Deeper, bigger fish can require more draw weight depending on the setup.  With my standard 2-cam Pearson bows I shoot them on 50# for big, deep fish, with my Oneida Osprey I can do the same thing on 40#.  For shallow, normal carp shooting anything over 30# should be fine, heavier draw weights just make pulling your arrow out of the bottom harder and can lead to pass thru which make getting fish of your line and arrow more difficult as others have stated.


----------



## PartyFowl20 (Apr 4, 2012)

I use the same bow I hunt deer with and it works just fine.
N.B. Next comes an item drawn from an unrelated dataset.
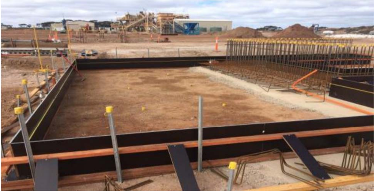
Figure 2 | Feed bin slab north end ready for blinding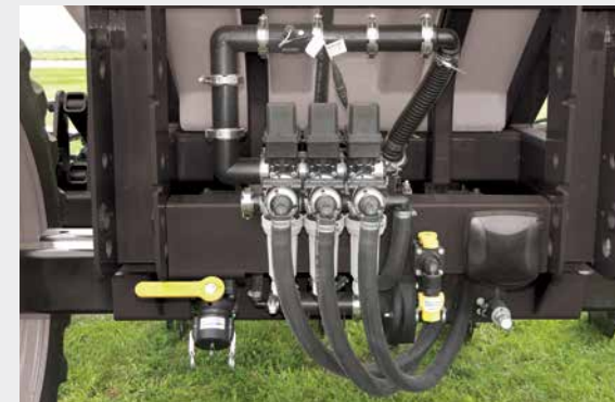
Easy Access Rear Mounted Plumbing

It does get more abuse than I would like from being bounced around on the boat when your running to spots on the lake.  I use "The Rock" by Diamond and I just bring the rockers down for bowfishing.  Mark actually set mine up and I've never had a problem with it yet, I would just use the reel seat that screws into your stabilizer instead of the AMS system if you don't want to mess with your sights for deer.


----------



## emusmacker (Apr 4, 2012)

Just lower the pondage. I had a buddy shoot thu a gar with 60 lbs of pull from a longbiw and the gar thrashed around and ended up cutting the line. If it hadn't paseed thru he would still have his arrow and the gar.


----------



## OutdoorAddicted25 (Apr 5, 2012)

Alright I guess I'll do that! I already took the sights off because it's my brothers bow that he used to deer hunt with. I can't wait to get out there though! Just don't really know how to much! Wish I had a bowfishing mentor! Ha


----------



## OutdoorAddicted25 (Apr 10, 2012)

Finally got it all rigged up! Pulled the poundage down to about 50 so I think in good!


----------



## castandblast (Apr 11, 2012)

50 is still pretty stout. I shoot one bow at 30-35 and another at 35-40 for deeper and bigger fish.


----------



## Hard Core (Apr 11, 2012)

You can shoot anything with 17 lbs....boat control son. Definently, strip her down. Get you a good rest, Muzzy fish hook, good reel Muzzy, and the correct line, 200lb fast flight. Light em up and send them home! Good Luck


----------